Matthew Symonds "Softwar" book review

Oracle Tips by Burleson Consulting
Don Burleson

By Mark Rittman

Thoughts on Matthew Symonds "Softwar"

One of the books I've been reading whilst on holiday is "Softwar : An Intimate Portrait of Larry Ellison and Oracle" by Matthew Symonds. I'm not usually one for biographies of Larry Ellison, but Amazon were offering it for 1 penny (I'm not joking, it was probably a pricing error) and I thought it'd be worth a look. Interestingly, Larry Ellison annotated some of the pages, with his take on some of the events, which was interesting as it gave a counterpoint to some of the more 'colourful' episodes.

I won't go into the full details of the book, except to say that off all the 'histories of Oracle' i've seen, it's the best read so far and gives some excellent background info to the events of the last couple of decades. Some of the bits I found particularly interesting were;

  • the effect that Sybase had on Oracle. Sybase came on to the scene around the time of Oracle 5.1, and was the first RDBMS to feature stored procedures, referential integrity, and two-phase commits. These features were yet to be found in Oracle, and their introduction lead to a complete rewrite of the Oracle server, which eventually lead to Oracle 6. Version 6 had all of Sybase's features and more (in particular, clustering) but the general 'buggyness' of version 6, almost brought the company to it's knees back in 1991. Version 7 (the first version I ever worked with) sorted out these problems, and gave Oracle the technology lead that it's had to this day. However, it's interesting to note the role Sybase had in it's day, and that stored procedures came from sybase, and not Oracle.

  • The role that Geoff Squires, and CACI, had in the early history of Oracle.
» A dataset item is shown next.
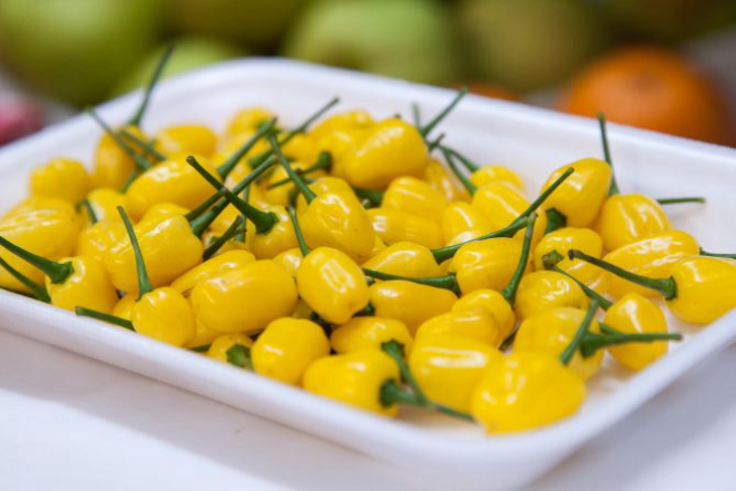 Essa pequena pimenta de cor amarela é cultivada em Colombo, na região metropolitana de Curitiba. É muito ardida e é utilizada para temperar molhos e carnes. Uma boa dica é retirar as sementes para neutralizar um pouco a picância (R$ 40 o quilo). Na Mercearia MMM (box 37-38, (41) 3264-2721).

I've worked with CACI in the past (for their ACORN demographic classification system) and they mentioned at the time that CACI were the first distributor outside of the USA for Oracle Software. Geoff Squires, from CACI, eventually joined Oracle and ended up running the operational side of Oracle for the USA as a whole. Larry Ellison is quotes as saying that the worst decision he's ever made was sacking Geoff Squires, who now works with Gary Bloom at Veritas.

  • The part played by other personalities such as Ray Lane, Gary Kennedy, Jeff Henley, Safra Catz, Chuck Phillips, Tom Siebel, Craig Conway and Ron Wohl. The fall from grace for Ray Lane is particularly interesting, particularly in the light of recent organisational changes where Safra Catz and Chuck Phillips are now Co-Presidents at Oracle, and Jeff Henley is now the Chairman.

  • The degree to which Oracle's sales culture has changed over the years. Together with Oracle 6i, Oracle's sales techniques almost took the company under in 1990-91, where licenses were being booked, at huge discounts, on the basis that customers bought technology that they might need in the future. Huge deals were signed, initially bumping up the sales figures but leading to drastic falls in orders in subsequent years, and it was the introduction of Ray Lane at the start of the 90's that started to change this culture. Oracle have always had a reputation of 'aggressive' sales techniques, but it does seem as if they're now trying to build relationships for the long term, and approach that was originally pioneered in the UK and Europe.

  • The significance of the e-Business Suite to Oracle's success. Version 11i of Oracle Applications was the first 'integrated' version of Oracle's applications, and at the time competed head-on with SAP and the 'best of breed' approach favoured by systems integrators such as IBM. Again, a premature release of Apps 11i almost blew it all for Oracle, but the gamble paid off for Oracle and the market has now come round to the concept of buying integrated suites rather than integrating lots of different systems. Oracle almost blew it though (particularly with the intial release, and Larry's war on systems integrators) but the 'internet architecture', and the close integration between the various modules gave oracle an architectural lead that it still has now.

If you get a chance, and you're interested in a bit of Oracle history, buy or borrow the book and take a look. I'd thoroughly recommend it.